The two parts of Engine No. 1’s business model neatly encapsulate the contrasting strategies available to investors to affect change at public companies. The firm’s two financial products reflect two approaches to corporate stewardship. Broadly speaking, the activist hedge funds seeks ‘alpha’ outperformance, while the passive index fund seeks ‘beta,’ or low volatility and risk.
“For passive investors, we think that long-term, the way you maximize the value of that index is by supporting carbon disclosures and racial equity audits and paying workers more, all these things that beta stewards would advocate for,” says O’Leary.
But O’Leary departs from the arguments put forward by The Shareholder Commons and others that ‘universal owners,’ both large and small, should focus on the overall health of their portfolio, rather than the prospects of any particular stock issue. That might mean pressing claims that force companies to account for and mitigate ‘negative externalities’ that impose costs and risks on the rest of the portfolio (for a fuller explanation, see, “Chasing alpha is fine, but long-term returns for universal owners require beta stewardship”).
In practical terms, such system-level arguments “are a non-starter,” O’Leary says.
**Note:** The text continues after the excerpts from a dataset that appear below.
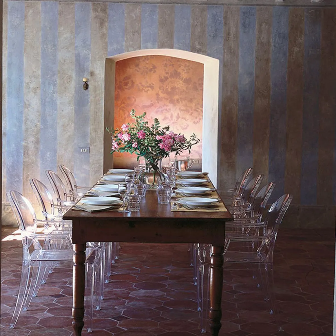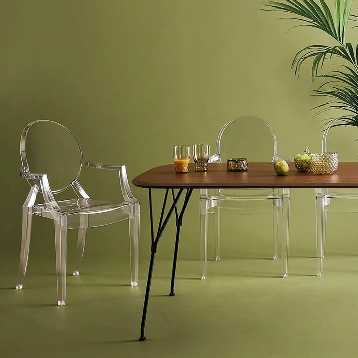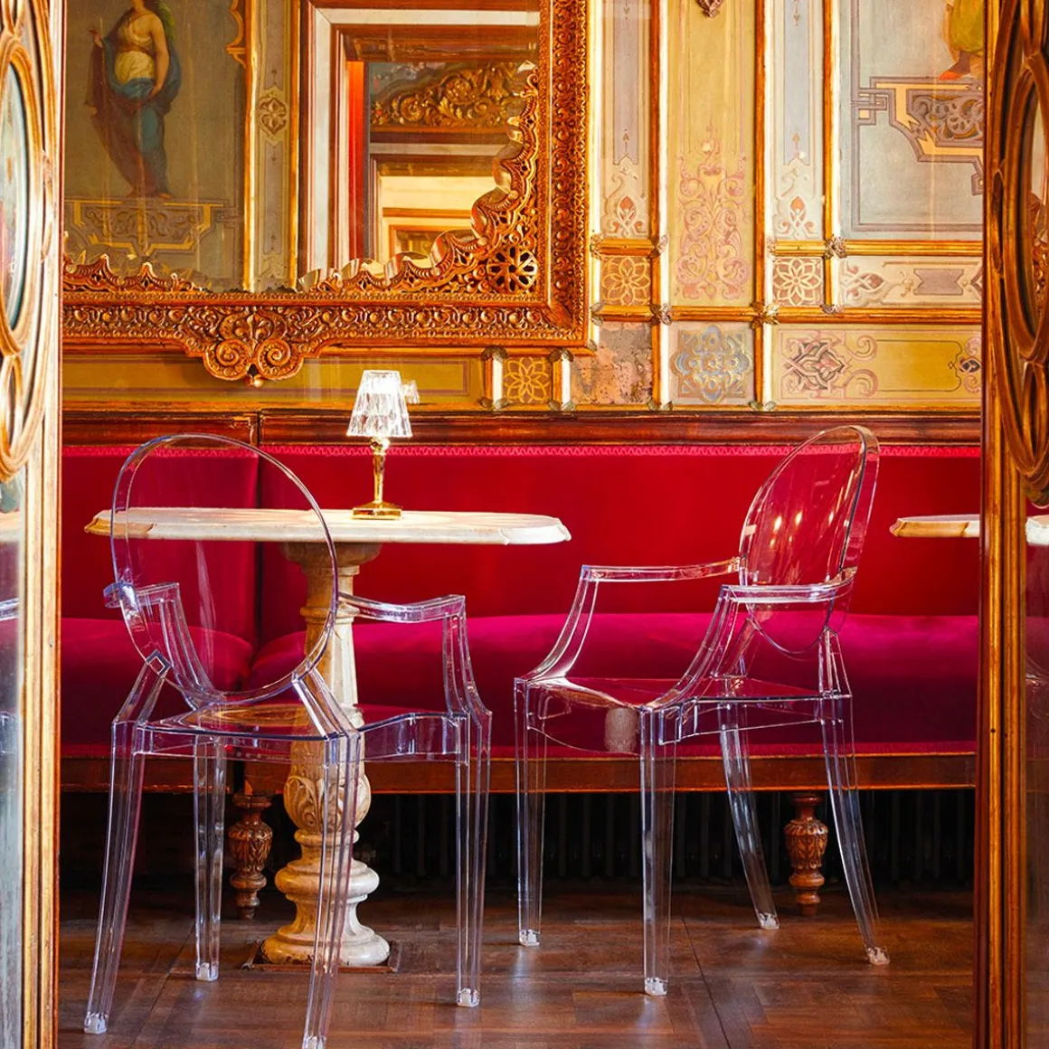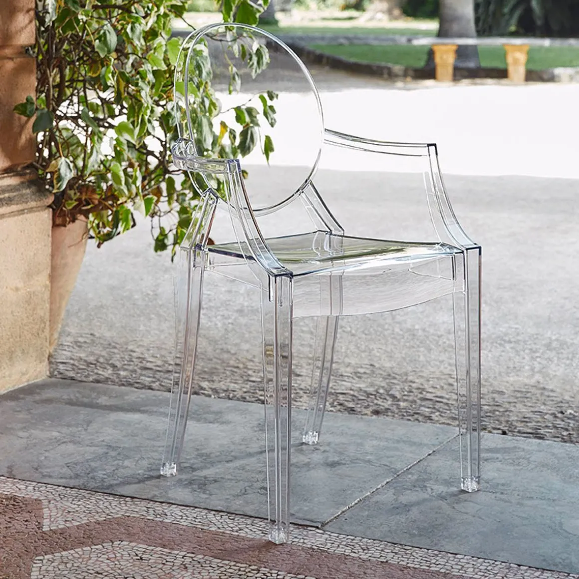Ce fauteuil confortable en polycarbonate transparent et coloré a tout pour nous rappeler le design Louis XV. Le fauteuil Louis Ghost, revisité par Philippe Starck prend un côté baroque pour étonner, émouvoir et fasciner. Ce fauteuil est une injection de polycarbonate en un seul moule, il est stable, résiste aux chocs et aux griffures. Ce mobilier design a la possibilité de s’empiler et s’intègrera parfaitement dans votre habitat.
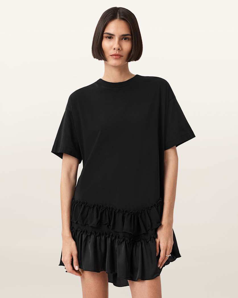 Jersey at the top, frills at the bottom. Our Feyre Dress was made for late-night parties and dancefloor sagas. Just add biker boots.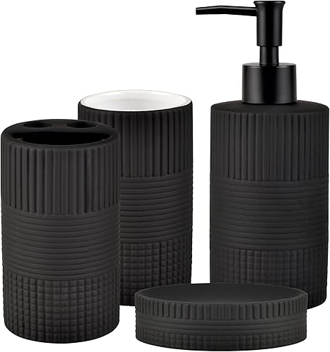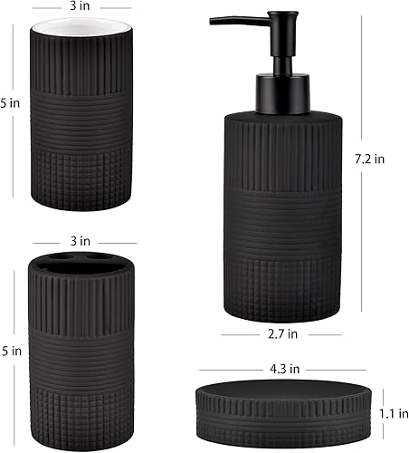 Cet ensemble de quatre pièces en céramique gaufrée finition noir mat comprend un porte-brosse à dents, un distributeur de savon, un porte-savon et un gobelet, offrant une solution complète et élégante pour organiser votre salle de bain.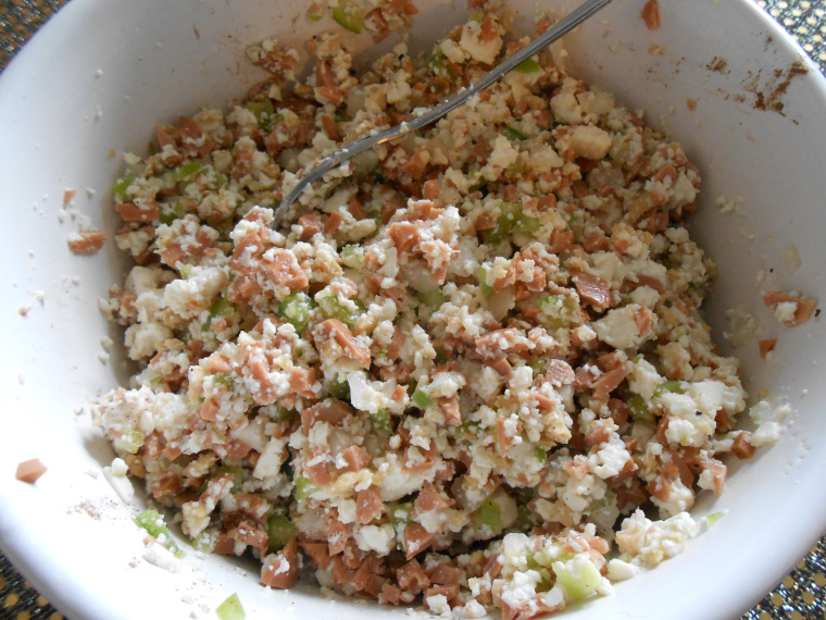 Place tofu, salt, chopped hot dogs and black pepper in large bowl. Using a table fork (not a spoon) lightly and loosely toss to mix.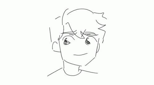 A black and white line drawing of a boy's face, smiling while tears stream from his eyes, depicting hidden sadness.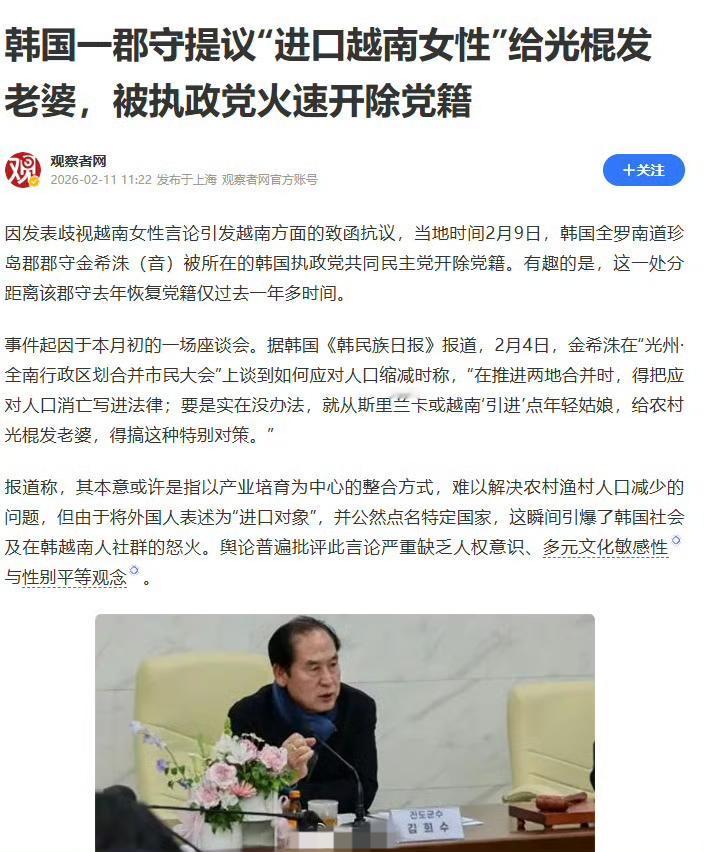 韩官员因称进口女性被开除党籍。 政府出资“进口”斯里兰卡、越南女性,让农村光棍能够成家…虽然“进口”形容不妥,但这对出生率全球第一的韩国,其实是不错的建议。能够顶住“正确”压力提出这样的建议,甚至可以说是“为国为民”。中国其实也可以这样做。[吃瓜群众] 在韩国低出生率危机的大背景下,2月4日,在全罗南道海南郡举行的市政厅会议上,韩国全罗南道珍岛郡郡守金希洙在谈及人口减少对策时表示,应将人口消失问题纳入法制化规范,“必要时可以从斯里兰卡、越南等国‘进口’女性,让农村男性成家”,并称应采取类似的“特别对策”。将女性作为“进口对象”的说法引发舆论哗然。 出席活动的光州市长姜琪正当场表示,使用“进口”一词形容跨国婚姻似乎不妥,以此试图缓和争议,但影响仍迅速扩大。韩国移民、女性及人 权团体也宣布将在珍岛郡厅前举行谴责集会。 在多方压力之下,全罗南道发表道歉声明称,该言论“损害人的尊严,将女性工具化,在任何情况下都无法正当化”,并决定向越南及斯里兰卡驻韩使馆正式发函致歉。金希洙5日发表书面道歉称,其初衷是探讨如何增加外国未婚女性流入、缓解农村婚育困境,但错误使用了“进口”这一表述,并就相关言论造成的伤害再次致歉。但多家韩媒强调,他的解释远远不能平息来自社会各界的批评及不满。 随着争议持续发酵,共同党9日召开非公开会议,以一致赞成票决定对金希洙实施开除处分。首席发言人朴洙贤表示,此举属于针对“在公开活动中发表贬低女性言论、造成重大社会争议”的紧急纪律处分。 该处分距离金希洙2025年重新入 党仅约一年,被韩媒视为执 政党在地方选举临近之际采取的紧急止损措施。韩国舆论此前预测,金希洙将以共同党候选人身份谋求连任,但被开除党籍后只能以无党派身份参选。发现被男朋友骗了怎么办? 海外新鲜事 你有没有被骗自己的眼泪的经历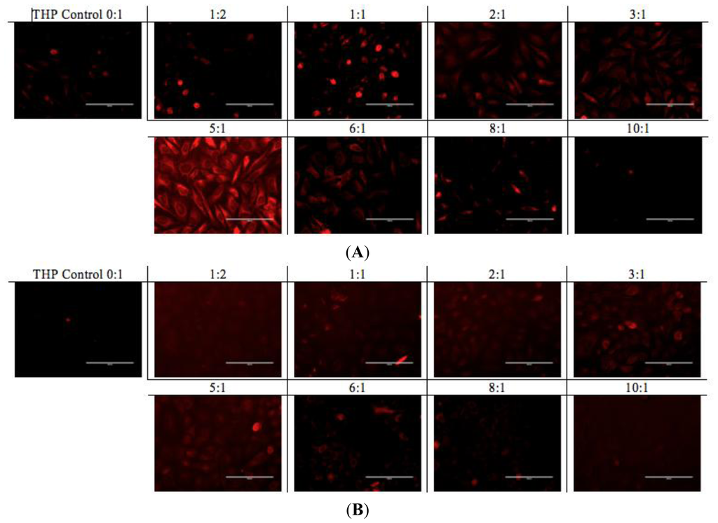 (A) HeLa cells; (B) A549 cells, treated with EAR8-II-THP at fixed [THP] = 0.1 mg/mL and varied [EAR8-II]. The ratios between EAR8-II to THP are indicated above each image. EAR8-II concentrations: (0:1) = 0.0 mg/mL; (1:2) = 0.05 mg/mL; (1:1) = 0.1 mg/mL; (2:1) = 0.2 mg/mL; (3:1) = 0.3 mg/mL; (5:1) = 0.5 mg/mL; (6:1) = 0.6 mg/mL; (8:1) = 0.8 mg/mL; (10:1) = 1.0 mg/mL. Scale bar is 100 μm.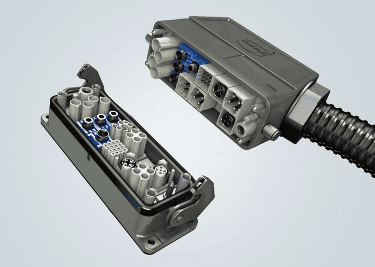 在去中心化系統中,硬連線不是一個可行的選擇。在現代生產車間,改變布局甚至更換機器的部件是一種常見的做法。連接器使工人無需專門工具即可輕松快速地完成這些調整,從而避免代價高昂的停機時間。最高效的連接器是模塊化連接器,它允許將多個連接點組合到一個外殼中。下一級連接器模塊化允許定制模塊本身,確保盡可能高效地使用所有空間。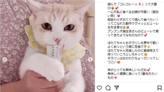 ピューレを見せると嬉しそうに寄ってきて甘えてくれます。食べっぷりもよかったけど、食事をしっかり摂ってくれるようになりました!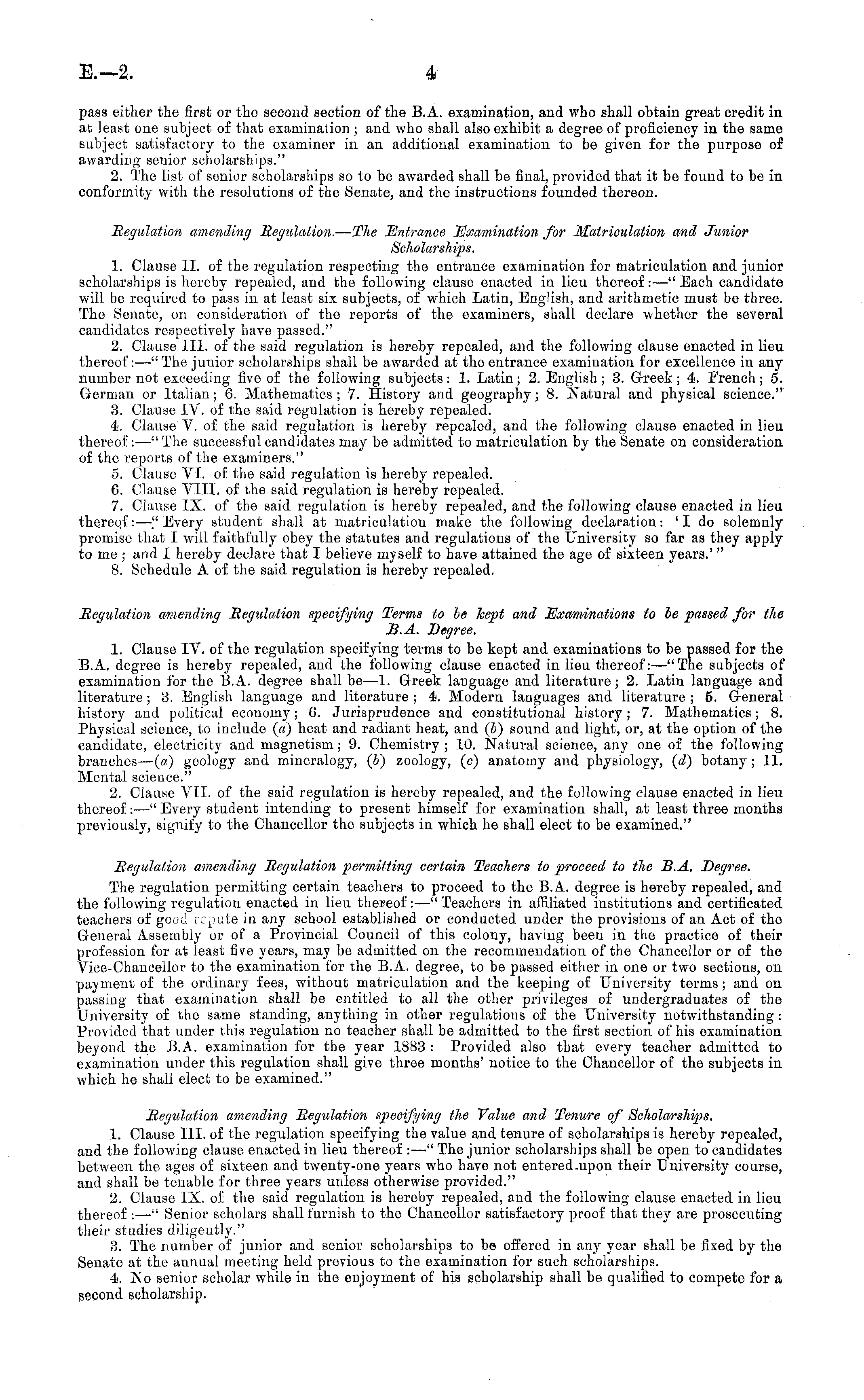 pass either the first or the second section of the B.A. examination, and who shall obtain great credit in at least one subject of that examination; and who shall also exhibit a degree of proficiency in the same subject satisfactory to the examiner in an additional examination to be given for the purpose of awarding senior scholarships." 2. The list of senior scholarships so to be awarded shall be final, provided that it be found to be in conformity with the resolutions of the Senate, and the instructions founded thereon. Regulation amending Regulation. — The Entrance Examination for Matriculation and Junior Scholarships. 1. Clause 11. of the regulation respecting the entrance examination for matriculation and junior scholarships is hereby repealed, and the following clause enacted in lieu thereof: —"Each candidate will be required to pass in at least six subjects, of which Latin, English, and arithmetic must be three. The Senate, on consideration of the reports of the examiners, shall declare whether the several candidates reepectively have passed." 2. Clause 111. of the said regulation is hereby repealed, and the following clause enacted in lieu thereof: —"The junior scholarships Bhall be awarded at the entrance examination for excellence in any number not exceeding five of the following subjects: 1. Latin; 2. English; 3. Greek; 4. French; 5. German or Italian; 6. Mathematics ; 7. History and geography; 8. Natural and physical science." 3. Clause IV. of the said regulation is hereby repealed. 4. Clause V. of the said regulation is hereby repealed, and the following clause enacted in lieu thereof: —" The successful candidates may be admitted to matriculation by the Senate on consideration of the reports of the examiners." 5. Clause VI. of the said regulation is hereby repealed. 6. Clause VIII. of the said regulation is hereby repealed. 7. Clause IX. of the said regulation is hereby repealed, and the following clause enacted in lieu thereof: —"Every student shall at matriculation make the following declaration: 'I do solemnly promise that I will faithfully obey the statutes and regulations of the University so far as they apply to me ; and I hereby declare that I believe myself to have attained the age of sixteen years.'" 8. Schedule A of the said regulation is hereby repealed. Regulation amending Regulation specifying Terms to be kept and Examinations to be passed for the B.A. Degree. 1. Clause IV. of the regulation specifying terms to be kept and examinations to be passed for the B.A. degree is hereby repealed, and the following clause enacted in lieu thereof: —"The subjects of examination for the B.A. degree shall be—l. Greek language and literature; 2. Latin language and literature; 3. English language and literature ;4. Modern languages and literature ; 5. General history and political economy; 6. Jurisprudence and constitutional history; 7. Mathematics; 8. Physical science, to include (a) heat and radiant heat, and (b) sound and light, or, at the option of the candidate, electricity and magnetism; 9. Chemistry ; 10. Natural science, any one of the following branches— (a) geology and mineralogy, (6) zoology, (c) anatomy and physiology, (d) botany ; 11. Mental science." 2. Clause VII. of the said regulation is hereby repealed, and the following clause enacted in lieu thereof: —" Every student intending to present himself for examination shall, at least three months previously, signify to the Chancellor the subjects in which he shall elect to be examined." Regulation amending Regulation permitting certain Teachers to proceed to the B.A. Degree. The regulation permitting certain teachers to proceed to the B.A. degree is hereby repealed, and the following regulation enacted in lieu thereof: —"Teachers in affiliated institutions and certificated teachers of good repute in any school established or conducted under the provisions of an Act of the General Assembly or of a Provincial Council of this colony, having been in the practice of their profession for at least five years, may be admitted on the recommendation of the Chancellor or of the Vice-Chancellor to the examination for the B.A. degree, to be passed either in one or two sections, on payment of the ordinary fees, without matriculation and the keeping of University terms; and on passing that examination shall be entitled to all the other privileges of undergraduates of the University of the same standing, anything in other regulations of the University notwithstanding : Provided that under this regulation no teacher shall be admitted to the first section of his examination beyond the B.A. examination for the year 1883 : Provided also that every teacher admitted to examination under this regulation shall give three months' notice to the Chancellor of the subjects in which he shall elect to be examined." Regulation amending Regulation specifying the Value and Tenure of Scholarships. 1. Clause 111. of the regulation specifying the value and tenure of scholarships is hereby repealed, and the following clause enacted in lieu thereof : —" The junior scholarships shall be open to candidates between the ages of sixteen and twenty-one years who have not entered.upon their University course, and shall be tenable for three years unless otherwise provided." 2. Clause IX. of the said regulation is hereby repealed, aud the following clause enacted in lieu thereof :—" Senior scholars shall furnish to the Chancellor satisfactory proof that they are prosecuting their studies diligently." 3. The number of junior and senior scholarships to be offered in any year shall bo fixed by the Senate at the annual meeting held previous to the examination for such scholarships. 4. No senior scholar while in the enjoyment of his scholarship shall be qualified to compete for a second scholarship.

To win over shareholders, even big institutional investors that are effectively universal owners, requires convincing them that proposed changes are good, not bad, for the company. Campaigns that stress such economic arguments can win where moral or values-based arguments fall short.
In the case of Exxon, the economic argument was made easier because it was the broad stock market, not activist investors, that had massively written down the oil giant’s market value.
Inclusive Capital’s Jeffrey Ubben, who also gained a seat on Exxon’s board last year, told the Financial Times last month that Engine No. 1’s strategy “is not enough to create lasting change.” He said Engine No. 1 itself doesn’t have seats on Exxon’s boards; the new directors are unaffiliated and independent. “You need constructive stakeholders in the boardroom [who] have real money invested and are considering all constituencies, shareholders, employees, the planet and customers.”
As it happens, the oil company’s shares have rebounded from their lows of last November, largely as a result of higher oil prices but also perhaps reflecting the public, and now boardroom, pressure on billion-dollar capital expenditures and other decisions that could improve, if slightly, the company’s prospects in the low-carbon transition.